Is this true for both Phase 1 and Phase 2? If yes, I'm curious as to why the Phase 1 setup has a selector for Hash if AES-GCM is chosen as the encryption:
-
It is true but it doesn't really matter at phase 1. The phase 2 config is what actually governs the traffic over the tunnel once it's established.
-
While I'm mulling over how to improve throughput on the MBT-2220 side, I thought I'd put the two FW4C units on the bench and try them out, side-by-side, with only 6' of cabling between them, <<<< 1 ms ping, and no other traffic:
The best I could achieve was 626 Mbps over a 10 hour period.
Things that puzzle me:
- Throughput seems to vary from run to run, despite there being very few variables in the setup.

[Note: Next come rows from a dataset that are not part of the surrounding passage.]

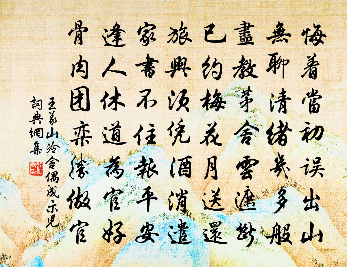 詩詞名句歷史字典書法欣賞書法字典國語詞典說文解字康熙字典古漢語字典標 題 作 者 詩 句 冷舍偶成示兒作者:王義山 朝代:宋代冷舍偶成示兒原文悔著當初誤出山,無聊清緒幾多般。盡教茅舍雲遮斷,已約梅花月送還。旅興須憑酒消遣,家書不住報平安。逢人休道為官好,骨肉團欒勝做官。詩詞問答問:冷舍偶成示兒的作者是誰?答:王義山問:冷舍偶成示兒寫於哪個朝代?答:宋代王義山冷舍偶成示兒書法欣賞冷舍偶成示兒書法作品詩詞推薦立春七首劉克莊〔宋代〕解凍依然風栗烈,鞭春才了雨廉纖。街坊遏密無儺鼓,村落豐登有酒帘。古岩釋紹曇〔宋代〕揭示先天那一機,孤危不立自孤危。懸崖撒手人無數,石爛松枯總不知。灘頭寺懷莫升之趙蕃〔宋代〕青衫縣尹沈泉久,黃綬尉曹華發多。重到灘頭舊遊寺,一觴獨舉奈愁何。藕花華岳〔宋代〕惜絲不肯織宮鞋,花月仙人謫不來。河伯借泥封玉腕,風神翻流沃香腮。無房不許蜂留宿,有蓋嘗令鷺自開。何事丹丘道中寄錢大資二首釋道舉〔宋代〕向來湯餅潑油蔥,思舊所懷惟此翁。日暮樓邊梅子雨,夜涼亭下藕花風。凌煙晉室謝文靖,陰德唐朝徐有功。二十送王鍊師赴王屋洞權德輿〔唐代〕稔歲在芝田,歸程入洞天。白雲辭上國,青鳥會群仙。自以棋銷日,寧資藥駐年。相看話離合,風馭忽泠然。句劉宏〔宋代〕黃茅苦露宜加意,莫累吾君殺諫臣。潛邸恭和御製淨明院梅岩詩宋孝宗〔宋代〕秀色環亭擁霽霞,修筠冰艷數枝斜。東君欲奉天顏喜,故遣融和放早花。素梅 其六王冕〔元代〕江南十月春色早,處處梅花當水開。玉笛一聲霜不小,滿天明月鶴飛來。句陳桷〔宋代〕神仙多是大羅客,我比大羅超一格。三衢阻雪至永豐道中又雪舒邦佐〔宋代〕前日堆銀凍未消,今朝滿地踏瓊瑤。一杯蘸甲寒威退,只要行人著酒澆。秋興吳龍起〔宋代〕定是憑高易得愁,客懷牢落怕登樓。不知昨夜梧桐雨,添得闌乾幾許秋。薌林五十詠雪台楊萬里〔宋代〕玉樹參差出,天花頃刻開。先生倚欄處,指點是瑤台。詠生子安應試新亭二詩鄭猷〔宋代〕前年諫獵出長楊,乞得新亭作醉鄉。好把青衫送酒媼,從教人識御眯香。次韻答吳阜之投贈項安世〔宋代〕沈沈寒甃綆千尋,澹澹疏弦瑟五音。讀罷自今三太息,箇中應有一生心。君真骨相超凡馬,我已情懷學展禽。肯為歐陽文忠公輓辭二首蘇頌〔宋代〕早向春闈遇品題,繼從留幕被恩知。何期瀔水緘書日,正是椒陵夢奠時。感舊緒言猶在耳,愴懷雙淚謾交頤。誰將郊外文同〔宋代〕城市壓壓土,高原聊振衣。晚雲多淺碧,秋樹半深緋。江氣雜輕靄,山光明落暉。因成求好景,更就野橋歸。叔父給事輓詞十首黃庭堅〔宋代〕曾發公家鉅萬錢,溝中襁褓卻生全。三齊水後皆禾稼,不殺耕牛更可傳。偈頌二十五首釋如淨〔宋代〕只個柴頭煨火種,諸方聿起競開爐。天童直截超宗處,爐與柴頭盡底無。恁麽卻有暖氣,正好猛做工夫。驀忽雷霆絕句閩清野人〔宋代〕偶與雲水會,不與雲水同。雲散水流去,杳然天地空。名句推薦傷心庾開府,老作北朝臣。司空曙《金陵懷古》 目前貧富非為準,久後窮通未可知。馮夢龍《醒世恆言·卷一》 是以動則必陷,為則必辱,是偏傷之患也。荀子《荀子·不苟》 有功於前,有敗於後,不為損刑。有善於前,有過於後,不為虧法。商鞅《商君書·賞刑》 節用儲蓄,以備凶災范曄《後漢書·本紀·肅宗孝章帝紀》 酒闌更喜團茶苦,夢斷偏宜瑞腦香。李清照《鷓鴣天·寒日蕭蕭上瑣窗》 責人勿厲,小惠或有大得。來俊臣《羅織經·保身卷第七》 城邊有古樹,日夕連秋聲。李白《沙丘城下寄杜甫》 月出驚山鳥,時鳴春澗中。王維《鳥鳴澗》 卻看妻子愁何在,漫捲詩書喜欲狂杜甫《聞官軍收河南河北》
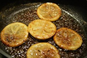 - Heat 2 tbsp the canola oil in a medium skillet over high heat, when hot (1-2 minutes) add slices of lemon and cook until the lemon slices become a golden brown.
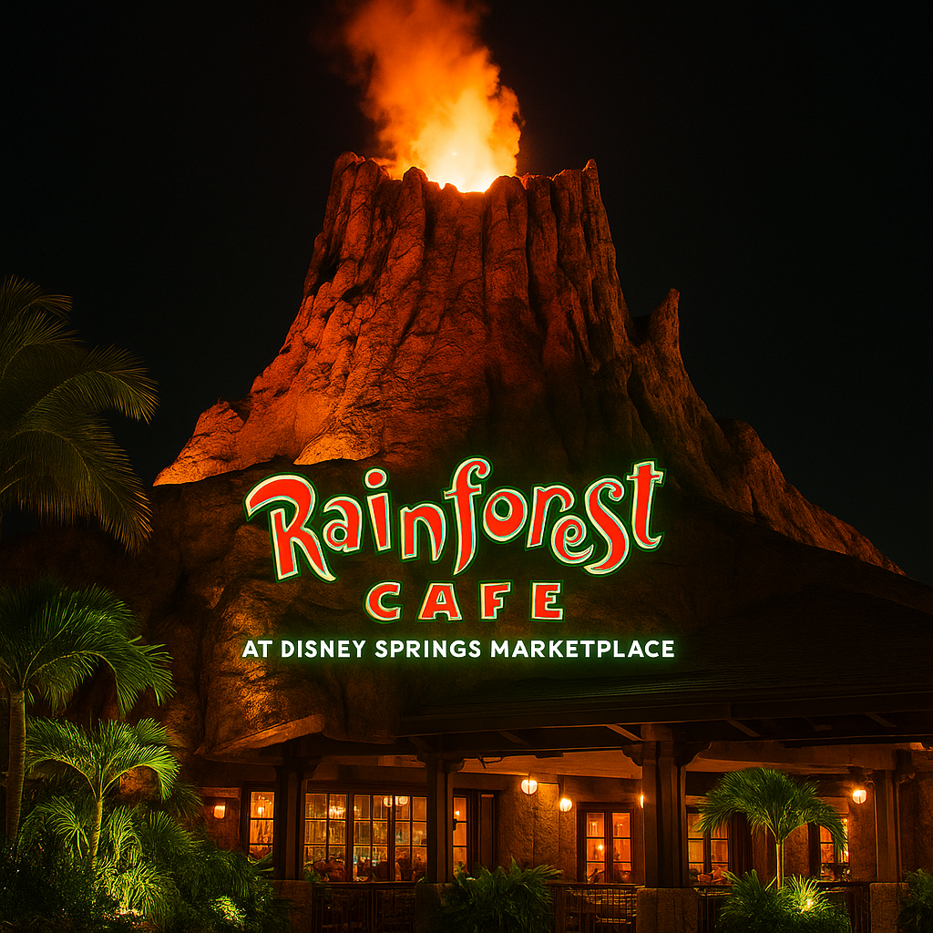 Jump into a lively jungle-themed setting and enjoy all-American fare for lunch or dinner at Rainforest Cafe at Disney Springs Marketplace.

- There is no internet traffic, no routing outside of the two units, and not even a switch (I have the two WAN ports connected with a cable at 2500BaseT).
- Sometimes a 10 second run will achieve ~720 Mbps
- Sometimes a 10 second run will achieve only ~300 Mbps
- CPU utilization on both sender and receiver get no higher than 80%, and core temps no higher than 61ºC, but I'm still getting significantly less than the ~980 Mbps reported by Protectli.
Things I fiddled with that made no improvement:
- NAT-T
- MSS Clamping
- Connecting the WAN ports through a 1000BaseT switch.
- This reduced throughput by maybe 5 Mbps, but that might be just sampling error.
- Unchecked all the "Disable . . . " checkboxes in System > Advanced > Networking > Network Interface
- iperf simultaneous connections, e.g. "-P 2" or "-P 4". No improvement, and significant degradation at > 4.
- iperf TCP window size, e.g. "-w 2M" or "-w 4M". No improvement.
- iperf direction, e.g. "-R". Performance is the same, and just as variable, in both directions.
Are there another tunables that might improve things in this type of lab scenario?
My real goal is to maximize application throughput in the real world, where I have 2 ISPs, 8 miles, and 10 msec of ping between my two locations, but first I want to optimize in the lab to see what's possible.
- Throughput seems to vary from run to run, despite there being very few variables in the setup.
-
@thewaterbug If you do just an iPerf test without VPN, what do you get?
I gotta be honest with you, I got a Protectli 2 port and 6 port. Inter-vlan at a house i can get around 970Mbps. Over a IPsec vlan where the remote site is capped at 200/10 i can saturate that link no issue. Local speedtests at each site i can cap the connection no issue.Could it be possible that your FW4C is a dud?
-
I didn't test through a port forward, and I took one of the units out of the lab, but I can do that test on Monday. I might also be using iperf incorrectly.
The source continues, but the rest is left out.